The Aspen Institute, an international nonprofit organization, recently published a report [pdf] that details 10 ways the EPA has strengthened America over the past 40 years. Those accomplishments include:

  1. Banning the widespread use of DDT
  2. Removing the acid from acid rain
  3. Rethinking waste as materials (drawing energy from waste streams and reusing materials to get more value from them before their final disposal)
  4. Removing lead from gasoline–and from the air
  5. Clearing secondhand smoke (by classifying secondhand smoke as a known cause of cancer in humans, and banning smoking in indoor public spaces
  6. Increasing vehicle efficiency and controlling emissions
  7. Working for environmental justice and a cleaner environment for all Americans
  8. Controlling toxic substances
  9. Achieving cleaner water
  10. Enforcing community right-to-know laws and improving public information about the chemicals and/or pollutants to which Americans may be exposed in their daily lives

Today, the EPA continues in its mission to protect our environment.

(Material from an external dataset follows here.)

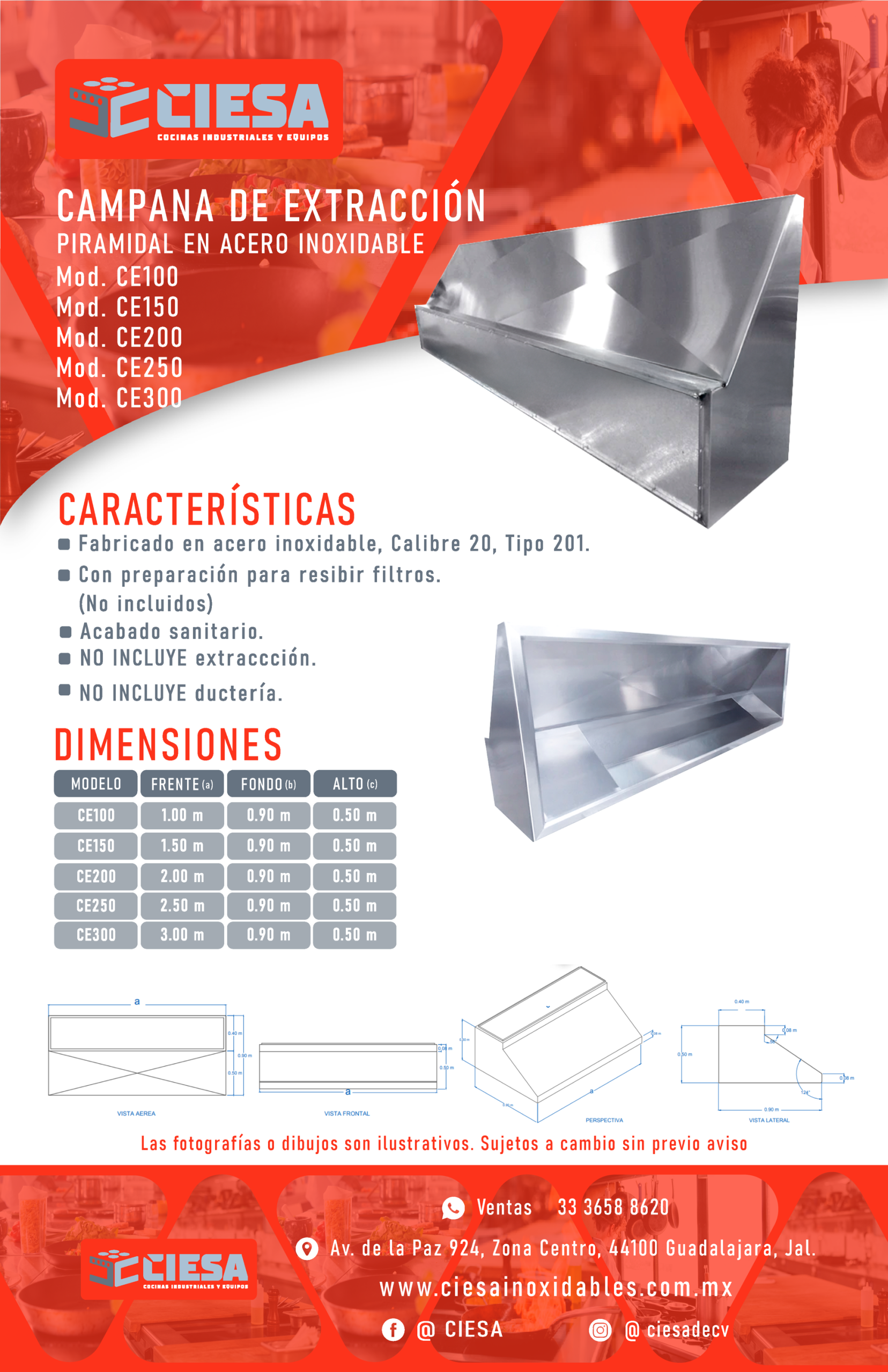 Campana de Extraccion Tipo Piramidal Fabricada en Acero inoxidable con preparación para recibir filtros(No Incluidos)

Seven Priorities for EPA’s Future

In the next 40 years and beyond, EPA commits to making strides in those issues that most affect the environment and communities we live in:

  1. Taking action on climate change
  2. Improving air quality
  3. Assuring the safety of chemicals
  4. Cleaning up our communities
  5. Protecting America’s waters
  6. Expanding the conversation on environmentalism and working for environmental justice
  7. Building strong state and tribal partnerships

It is interesting to point out that the environment has never been the partisan issue it seems to have become. Strong leadership for environmental protection from both parties is evident in past legislation. Under Republican President, Theodore Roosevelt, and a Democratic Congress, the United States government created the National Parks system.  Again, under a Republican President, Richard Nixon, and a Democratic Congress, the Environmental Protection Agency was born. As someone once said, “Conservation is conservative,” and that is a conservative notion that, I’m confident, liberals can live with.

Challenges to our environment must continue to be addressed on a bipartisan basis. The challenges before us and the potential costs or benefits to our communities will not recognize State or national borders or political party. The EPA’s agenda for the future targets those challenges that have the broadest affect on our communities. The stated priorities of the EPA are built around their mission to protect human health and the environment for all Americans. We now understand that protecting the environment and protecting our health are one and the same. For those who would suggest that “It costs too much” or “It will cost American jobs,” it is clear that all that we have comes, in one way or another, from the Earth. There is no economy without the environment. Let’s keep it healthy for our jobs, ourselves and our children.

Happy Birthday EPA and keep up the good work!